Sekolah untuk anak tak mampu
Irina Amongpraja (Ina, 54), awalnya tak berencana untuk mengurus pendidikan bagi anak-anak tak mampu. Tahun 2000, ia diajak temannya berkunjung ke pos transito (penampungan calon transmigran) di Jakarta Timur. Ina dan seorang temannya mengajak anak-anak keluarga calon transmigran untuk belajar bersama. 'Murid-muridnya' semakin bertambah karena anak-anak tak mampu yang tinggal di sekitar pos itu juga ingin belajar.
Ketika anak-anak calon transmigran direlokasi, Ina tak boleh lagi menggunakan pos transito untuk tempat belajar-mengajar. Setelah beberapa kali pindah tempat, Ina menemukan sebuah lokasi di Bintara, Jakarta Timur yang tadinya merupakan tempat pembuangan sampah. Ia menyewa tanah itu, dan secara bertahap bangunan Sekolah Kami—kelompok belajar untuk anak pemulung dan kaum dhuafa— berdiri.
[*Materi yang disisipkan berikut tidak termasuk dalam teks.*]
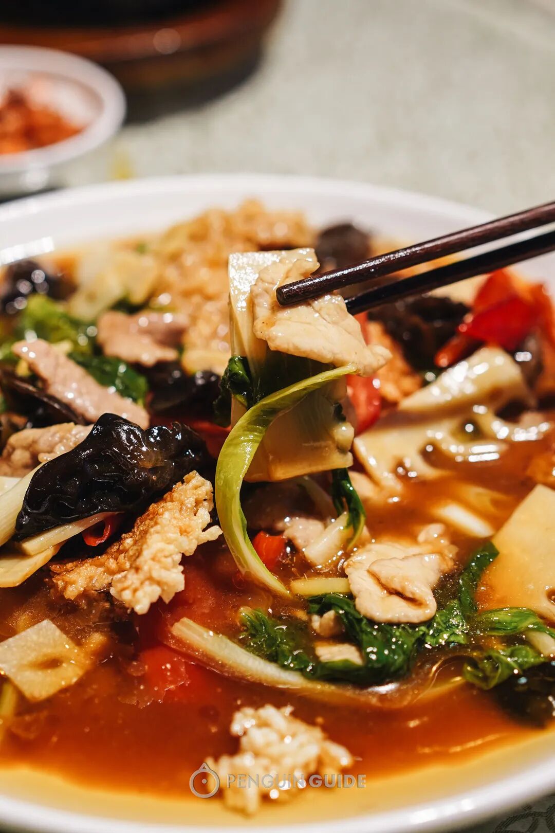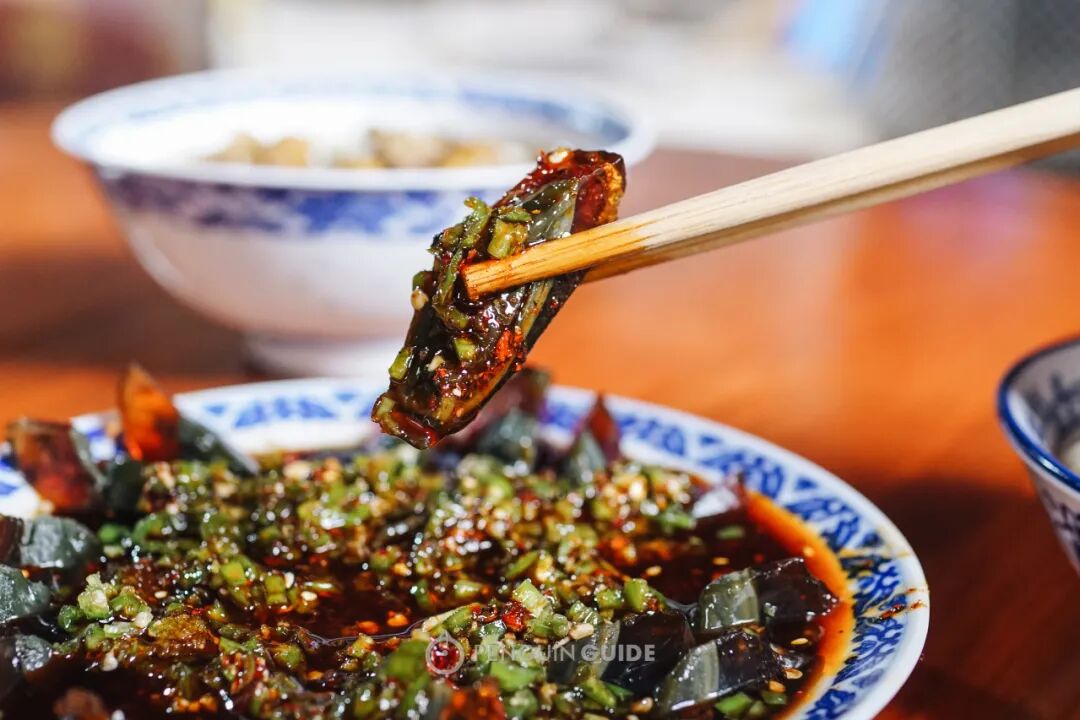 不光面好吃,凉菜都是一绝。比如凉拌皮蛋,只只溏心,浇上鸡汤打底的凉拌汁,鲜得很出彩。
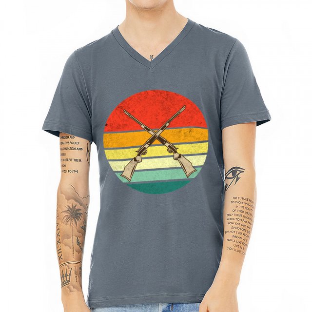 Hunting Guns V-Neck T-Shirt – Retro Design T-Shirt – Retro Sunset V-Neck Tee

Sekitar 100 anak usia 5-15 tahun yang belajar di Sekolah Kami. Pelajaran yang paling ditekankan adalah perilaku dan baca tulis, selain keterampilan, antara lain membuat kompos dan sabun cair. Harapan Ina, anak-anak itu bisa memperoleh penghasilan dengan keterampilan mereka. Tentu saja perlu dana untuk kegiatan ini, tapi Ina tak mau menunggu sampai 'modalnya' cukup.
“Prinsip saya, apa yang bisa dikerjakan, ya dikerjakan dulu. Awalnya, uang saya hanya cukup untuk menyewa tanah. Saya yakin bila kita bekerja optimal dengan niat lurus, Tuhan akan memberi kemudahan. Buktinya, saya tak pernah membuat proposal permintaan bantuan, tapi ada saja teman-teman yang membantu. Dana awal yang saya terima terus berputar. Selain uang, ada pula yang menyumbang susu atau angklung,” tutur Ina.
Sekolah Kami terbuka bagi siapa saja yang ingin membantu, apa pun bentuknya. Lady (48), salah satu teman Ina yang ikut menyumbangkan makanan bergizi, merasakan kenikmatan dalam berbagi pada sesama. “Setelah aktif di sini, saya merasa lebih tenang. Menghadapi masalah apa pun, saya tidak panik dan 'menjalani' saja.”
Komentar Ina senada. “Karena sudah bisa membaca dan berhitung, anak-anak bisa menghitung total kilogram hasil pulungan orang tuanya. Dengan begitu, mereka tak lagi dibohongi oleh bos pemulung. Bagi saya, ini suatu kenikmatan. Daripada cuma ngomel pada pemerintah karena keadaan yang tak berubah, lebih baik kita turun tangan dan berbuat sesuatu bukan?”